Tuesday, March 29, 2011

A Dominant Figure

            Moses has been the star of the story for a long time now.  We first read about his birth in Exodus 2, way back in Week 5.  (We’re in Week 18 now!)  He has dominated the story in a way no one before has.  He has been a savior, a mediator, an intercessor.  The end of Deuteronomy declares, “There’s never been a prophet like him.”  But, in the end, he dies.  He’s not the Savior, the Mediator, the Intercessor.  He is, at best, a type of the One who was yet to come.  This keeps Moses in perspective in terms of salvation history.
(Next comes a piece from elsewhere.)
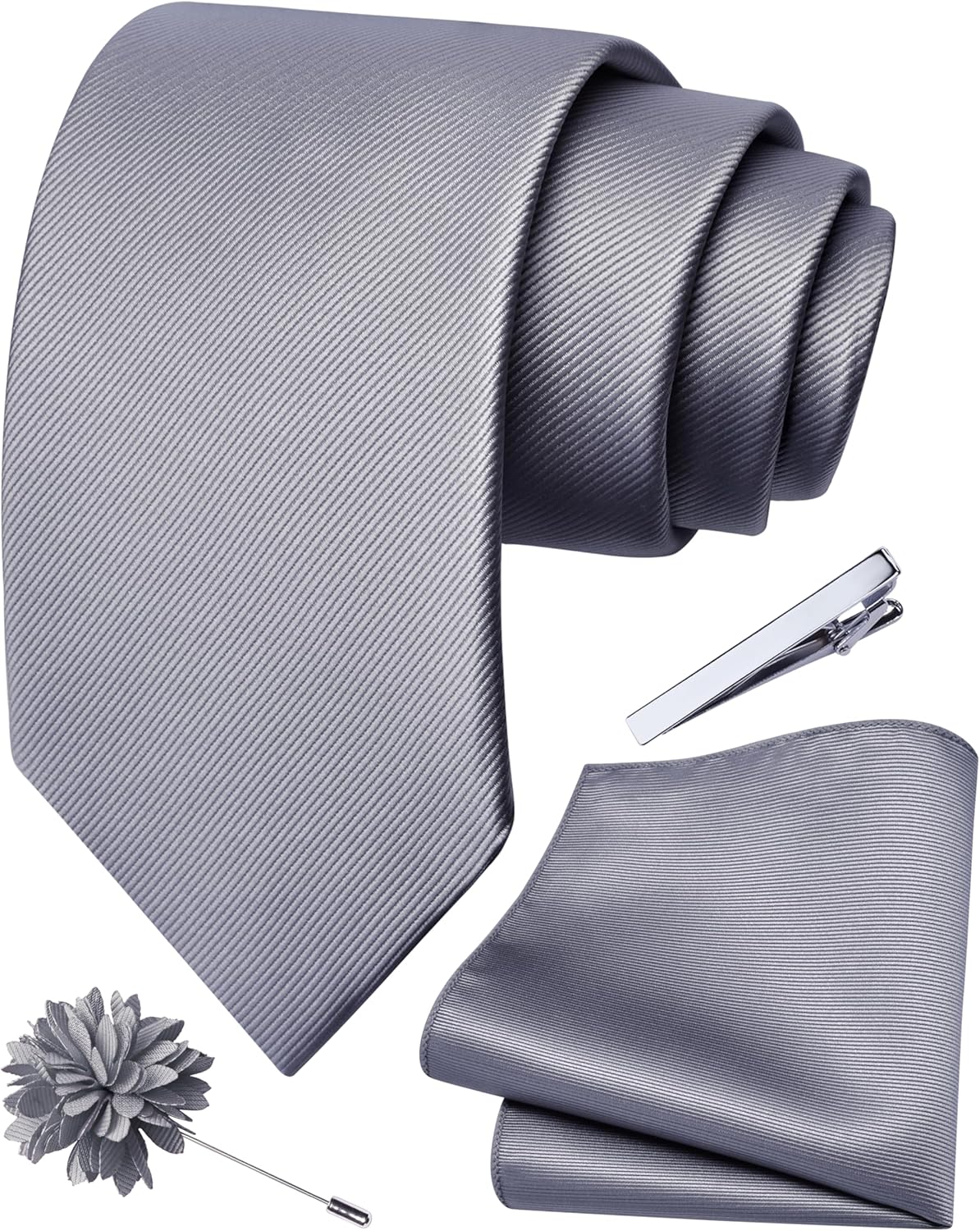 Branduce 3.15"(8cm) Solid Formal Tie and Pocket Square Plain Necktie Lapel Pin and Tie Clip Set for Men

            There’s a more mundane lesson here for the church, too.  No one is irreplaceable.  Because the thing that matters is that the Lord keeps His promises, no one person matter too much.  I’ve thought from time to time that that’s one of the reasons that Lutherans have kept on using vestments (the technical name for the pastor’s robe).  We put the man in a robe because his fashion sense doesn’t matter; his personal style doesn’t matter; he doesn’t matter.  What matters is that he speaks God’s promises, because God’s promises matter.
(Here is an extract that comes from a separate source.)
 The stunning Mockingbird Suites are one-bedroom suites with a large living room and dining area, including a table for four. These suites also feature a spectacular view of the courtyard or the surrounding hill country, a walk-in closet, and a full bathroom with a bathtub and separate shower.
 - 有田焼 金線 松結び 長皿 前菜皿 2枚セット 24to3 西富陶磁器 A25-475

            Now I know that people do matter, and I know that some people like one pastor better than another, and I know that some pastors are better at what they do than others.  But, I think you have to agree:  there’s only one Jesus.  Moses isn’t Jesus; your favorite pastor isn’t Jesus; and you’re not Jesus, either.  What Jesus has done in His suffering and death, in His work as prophet, as the One who knows the Father—that’s what matters!